She Took My Shoveled Space

Nemo brought out the best in me — until I came home at 3 a.m. to find another car in the spot I spent four hours shoveling.

In communities throughout New Haven, neighbors have been out in force being, well, neighborly since the historic snowstorm that buried the city last weekend. Those who could took care of those who couldn’t. Folks were introducing themselves to people who’d lived a house or two away for years.

I live in the yellow house over there,” said a woman who’d approached me about borrowing my shovel. With the assistance of others, we got her walkway shoveled. A few minutes later, she brought us bagels.

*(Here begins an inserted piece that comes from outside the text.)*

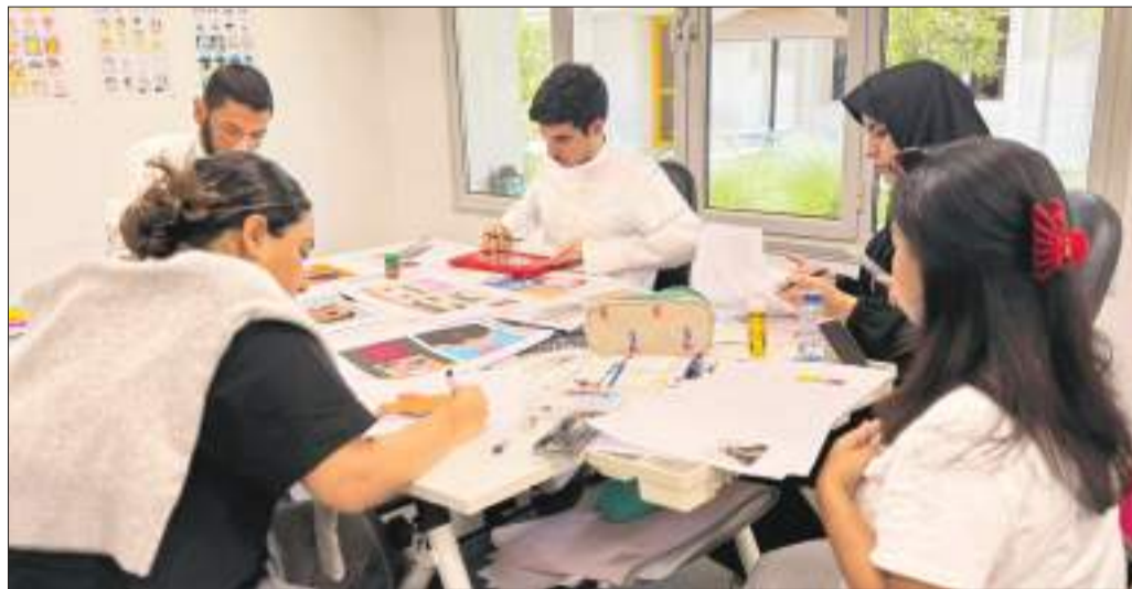
طلبة قسم التصميم أثناء عملهم للمشروع

قدّم طلبة مقرر (التصوير الضوئي 1) في قسم التصميم المرئي والداخلي، تحت إشراف د.مي الخرافي، في كلية العمارة مشروعاً بعنوان «البورتريه الذاتي - Self-Portrait Project»، الذي يهدف إلى تنمية مهارات الطلبة في التعبير البصري والتصميم الإبداعي.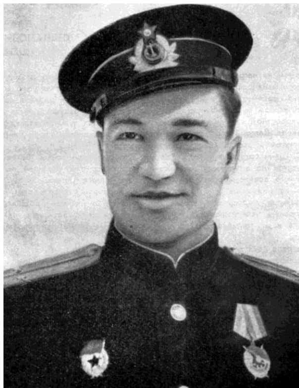
Герой Советского Союза Евгений Францев

Бесстрашный воздушный боец погиб 15 сентября 1944 года вместе с экипажем, как и герой фильма Саша Белобров. Последняя радиограмма от него была короткой: «Атакую! Потопил!» Но

We’ve all seen flocks of birds that seem to turn en masse simultaneously. All of them. In unison. As soon as the owner of a buried car plunged his or her shovel into the tremendous pile of snow, the same fascinating phenomenon would occur. The shovel-wielding flock would fly right over to help, as if some electromagnetic communication or even thought transference” had been involved.

I was up a bit earlier than most last Saturday morning. The man who has the snow removal contract for my condominium complex hadn’t touched it. As it turned out, we wouldn’t see him for days.

My neighbor Mike and I had about an hour’s worth of shoveling before we could even get to our cars. As the morning went on, others emerged and with looks of disbelief, dug in as well.

I think awesomeness of the storm kept me distracted enough to prevent me from becoming pissed off at having to spend all morning shoveling. Four hours later, my back was aching, but I’d cleared a walking path around my SUV. I was physically drained but somehow satisfied.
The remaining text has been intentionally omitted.